(TRY IT) Transcribe exactly the lines from the first line of the records through the line containing "數(shù)據(jù)寶統(tǒng)計", and leave out every picture.

DATA TO PROCESS: Begin

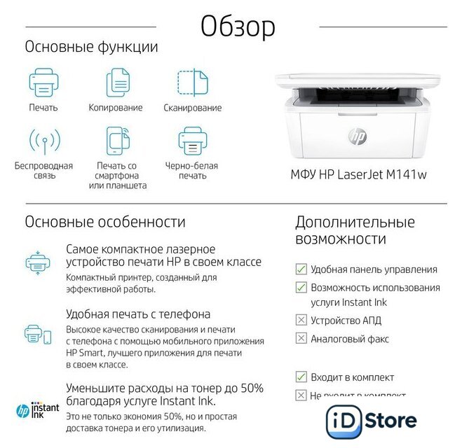Комплектация | МФУ HP LaserJet M141a; кабель питания; картридж HP LaserJet с черным тонером (ресурс: 500 страниц); плакат с инструкциями по настройке; справочное руководство; руководство по гарантии; рекламная листовка |
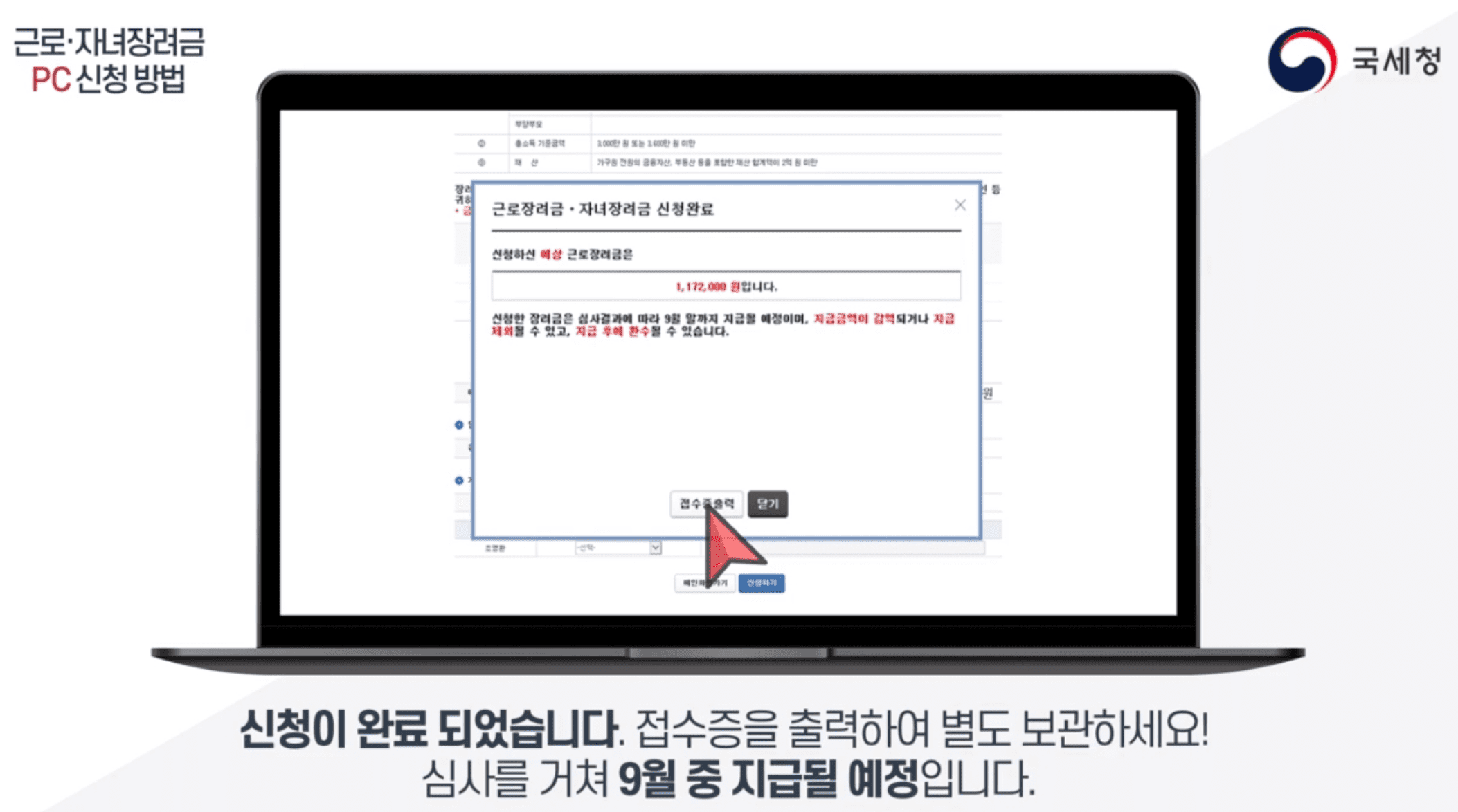 5. 신청 완료후 접수증 출력 별도보관 (심사후 9월중 지급예저)
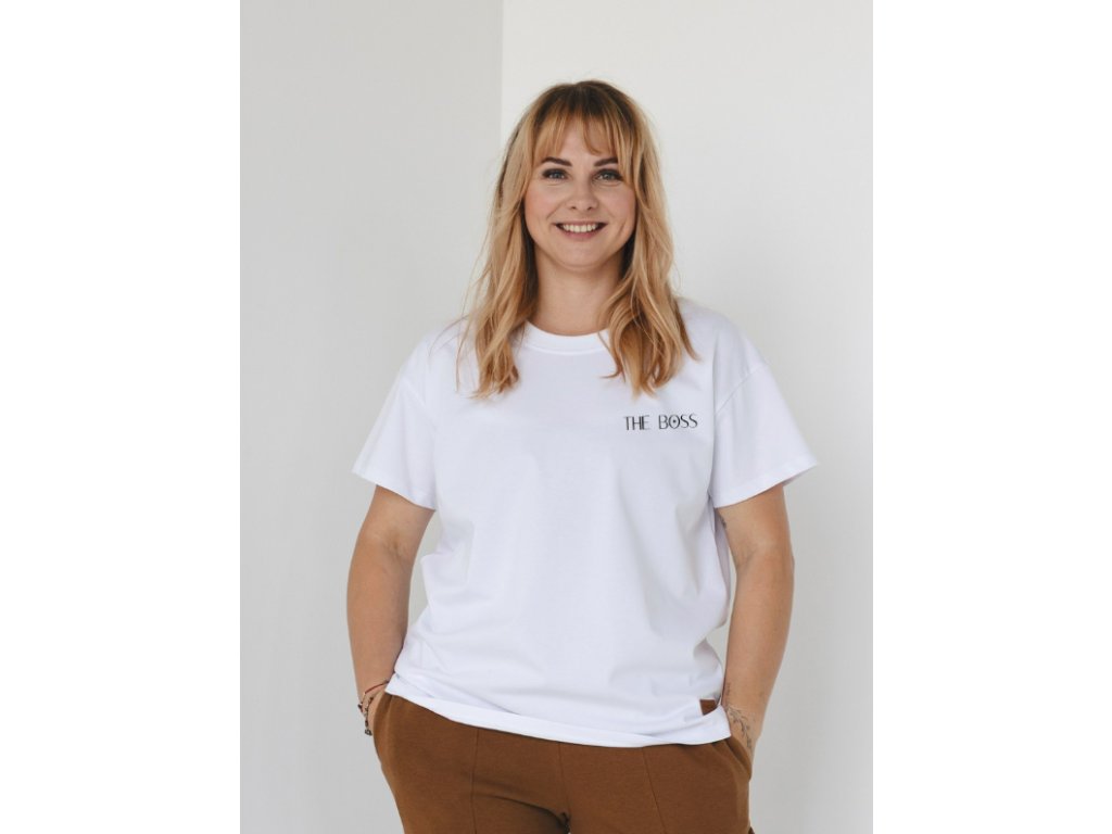 Dámské bílé tričko THE BOSS – nadměrné, pohodlné a ekologické
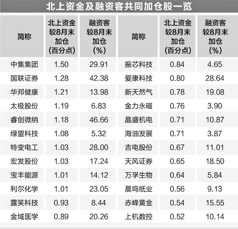 數(shù)據(jù)寶統(tǒng)計,9月份以來北上資金持股比例較8月份加倉0.5個百分點以上、融資客同期加倉幅度超3%以上的個股有24只,主要分布在電氣設(shè)備、公用事業(yè)、化工等行業(yè)。工業(yè)母機龍頭【上機數(shù)控(603185)、股吧】、氫能源龍頭寶豐能源均在列。上述個股中,北上資金加倉比例居前的有中集集團、國聯(lián)證券、華邦健康、太極股份等,均超過1個百分點;融資客加倉幅度超過20%的有睿創(chuàng)微納、國聯(lián)證券、中集集團等7股。
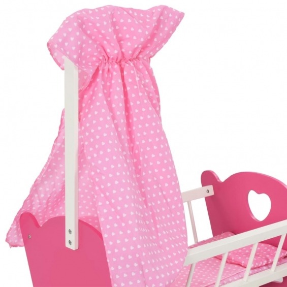 Nuestra cama de juguete para muñecas se caracteriza por sus brillantes colores y sus bonitos detalles. Es la compañía perfecta para los pequeños papás y mamás. La cama de juguete para muñecos tiene una robusta construcción de MDF muy duradera y fácil de limpiar. Tus hijos no solo adorarán jugar con esta cuna de juguete tan chic, sino que también les ayudará a desarrollar habilidades sociales y de comunicación mientras juegan. La cama incluye un dosel, una almohada y una bonita colcha. Llévate a casa esta divertida cuna de juguete para que tus hijos disfruten de horas y horas de juego imaginativo.
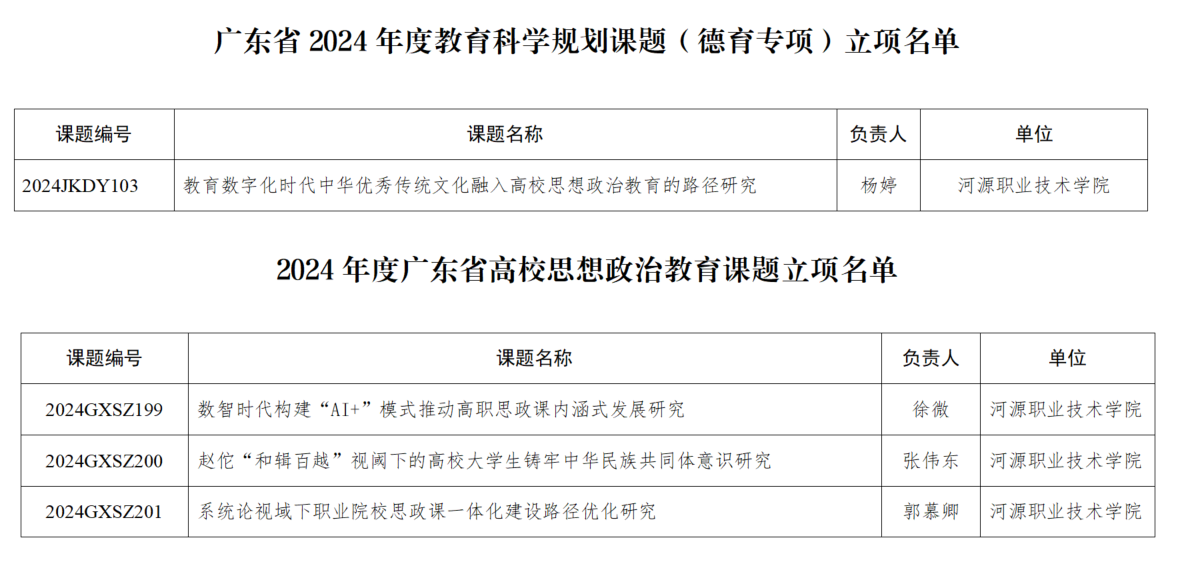 近日,2024年度教育科学规划课题(德育专项)和广东省高校思想政治教育课题立项名单相继公布,我院教师在此次课题申报中表现突出,共立项省级课题4项。其中,杨婷老师主持的课题《教育数字化时代中华优秀传统文化融入高校思想政治教育的路径研究》成功获批2024年度教育科学规划课题(德育专项)立项,同时,徐微、张伟东、郭慕卿三位老师分别主持的课题也成功获批2024年度广东省高校思想政治教育课题立项。

DATA TO PROCESS: End

(EXERCISE OUTPUT)
Комплектация | МФУ HP LaserJet M141a; кабель питания; картридж HP LaserJet с черным тонером (ресурс: 500 страниц); плакат с инструкциями по настройке; справочное руководство; руководство по гарантии; рекламная листовка |
 5. 신청 완료후 접수증 출력 별도보관 (심사후 9월중 지급예저)
 Dámské bílé tričko THE BOSS – nadměrné, pohodlné a ekologické
 數(shù)據(jù)寶統(tǒng)計,9月份以來北上資金持股比例較8月份加倉0.5個百分點以上、融資客同期加倉幅度超3%以上的個股有24只,主要分布在電氣設(shè)備、公用事業(yè)、化工等行業(yè)。工業(yè)母機龍頭【上機數(shù)控(603185)、股吧】、氫能源龍頭寶豐能源均在列。上述個股中,北上資金加倉比例居前的有中集集團、國聯(lián)證券、華邦健康、太極股份等,均超過1個百分點;融資客加倉幅度超過20%的有睿創(chuàng)微納、國聯(lián)證券、中集集團等7股。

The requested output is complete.